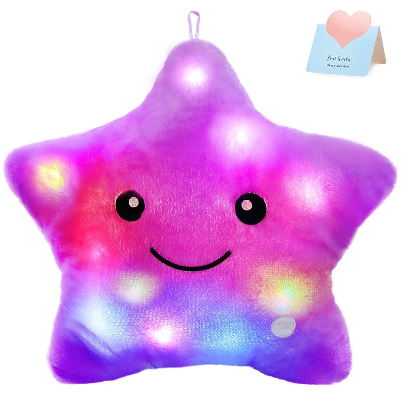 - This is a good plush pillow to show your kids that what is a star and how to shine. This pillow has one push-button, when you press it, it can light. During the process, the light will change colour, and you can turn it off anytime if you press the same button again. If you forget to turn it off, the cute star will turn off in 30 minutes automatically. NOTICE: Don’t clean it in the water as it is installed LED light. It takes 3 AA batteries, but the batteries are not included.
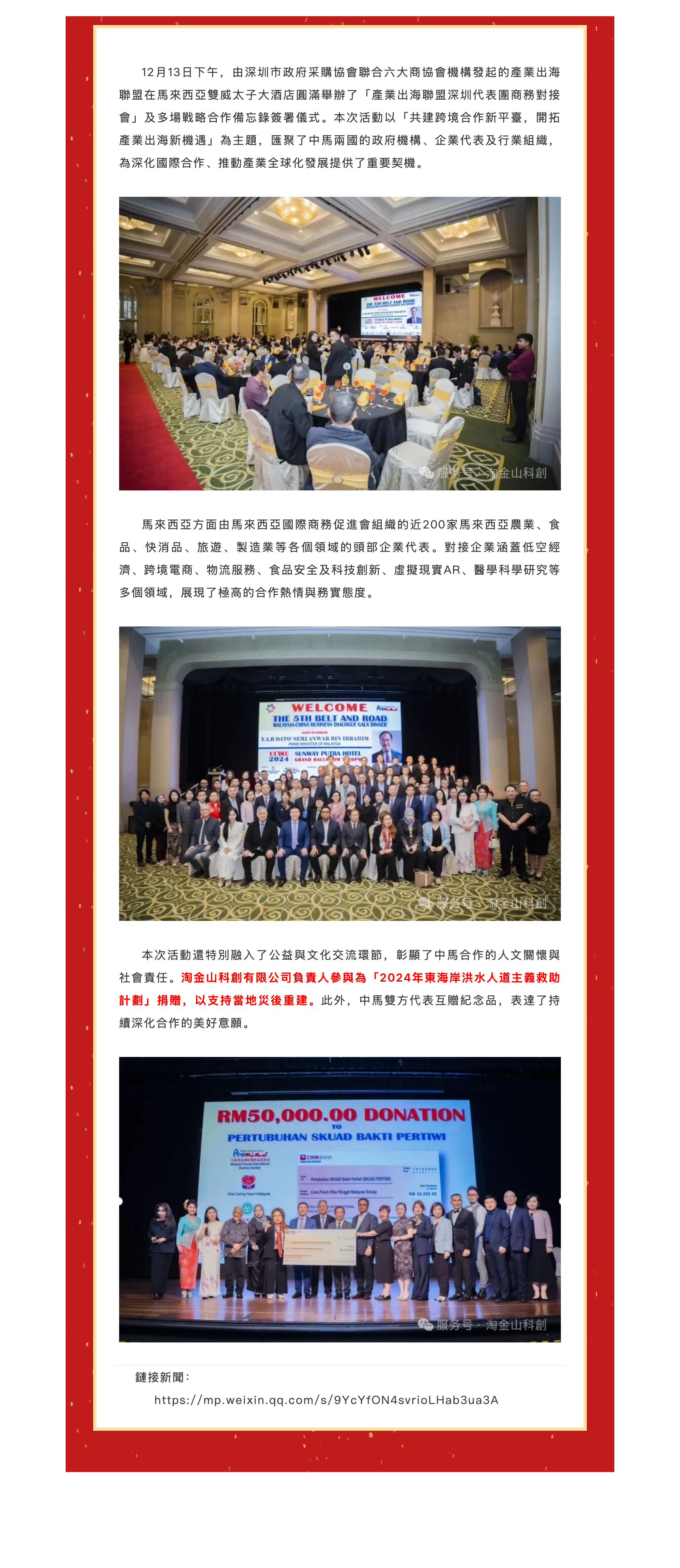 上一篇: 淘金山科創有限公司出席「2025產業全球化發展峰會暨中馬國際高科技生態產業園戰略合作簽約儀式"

...

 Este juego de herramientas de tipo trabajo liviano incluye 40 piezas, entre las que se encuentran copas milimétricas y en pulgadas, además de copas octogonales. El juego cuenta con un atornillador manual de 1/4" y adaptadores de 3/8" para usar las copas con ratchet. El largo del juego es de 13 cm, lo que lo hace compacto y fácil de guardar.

...

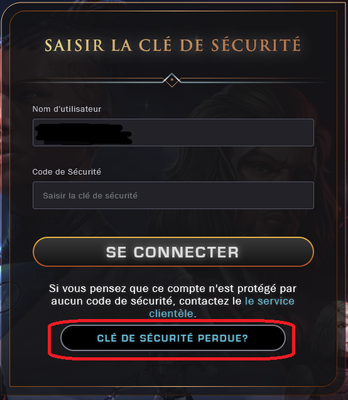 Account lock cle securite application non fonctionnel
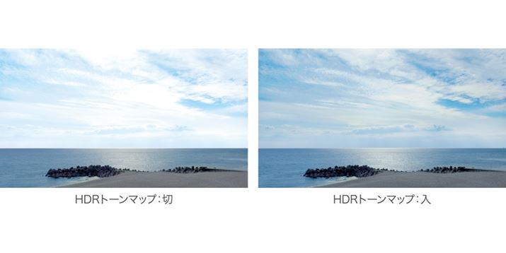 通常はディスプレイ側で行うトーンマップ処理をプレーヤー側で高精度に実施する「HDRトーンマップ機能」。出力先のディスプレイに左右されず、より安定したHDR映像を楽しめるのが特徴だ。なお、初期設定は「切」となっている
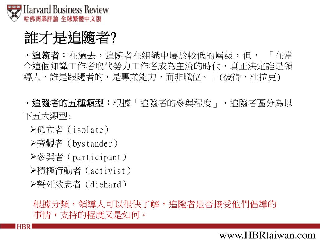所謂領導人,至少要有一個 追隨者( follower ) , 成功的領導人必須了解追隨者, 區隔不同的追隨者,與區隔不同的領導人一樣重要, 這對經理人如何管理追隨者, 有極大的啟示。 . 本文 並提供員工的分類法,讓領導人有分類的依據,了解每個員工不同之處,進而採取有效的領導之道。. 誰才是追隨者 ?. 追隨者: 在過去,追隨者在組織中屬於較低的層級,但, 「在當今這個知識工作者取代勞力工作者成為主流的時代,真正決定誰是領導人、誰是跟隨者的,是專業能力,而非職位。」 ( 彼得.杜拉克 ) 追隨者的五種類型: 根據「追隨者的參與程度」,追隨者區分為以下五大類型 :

Work task
What is needed is an exact copy of the lines above from the one with "- This is a" to the one with "上一篇: 淘金山科創有限公司", both ends kept, and nothing more; please leave the pictures out.

Answer space
 - This is a good plush pillow to show your kids that what is a star and how to shine. This pillow has one push-button, when you press it, it can light. During the process, the light will change colour, and you can turn it off anytime if you press the same button again. If you forget to turn it off, the cute star will turn off in 30 minutes automatically. NOTICE: Don’t clean it in the water as it is installed LED light. It takes 3 AA batteries, but the batteries are not included.
 上一篇: 淘金山科創有限公司出席「2025產業全球化發展峰會暨中馬國際高科技生態產業園戰略合作簽約儀式"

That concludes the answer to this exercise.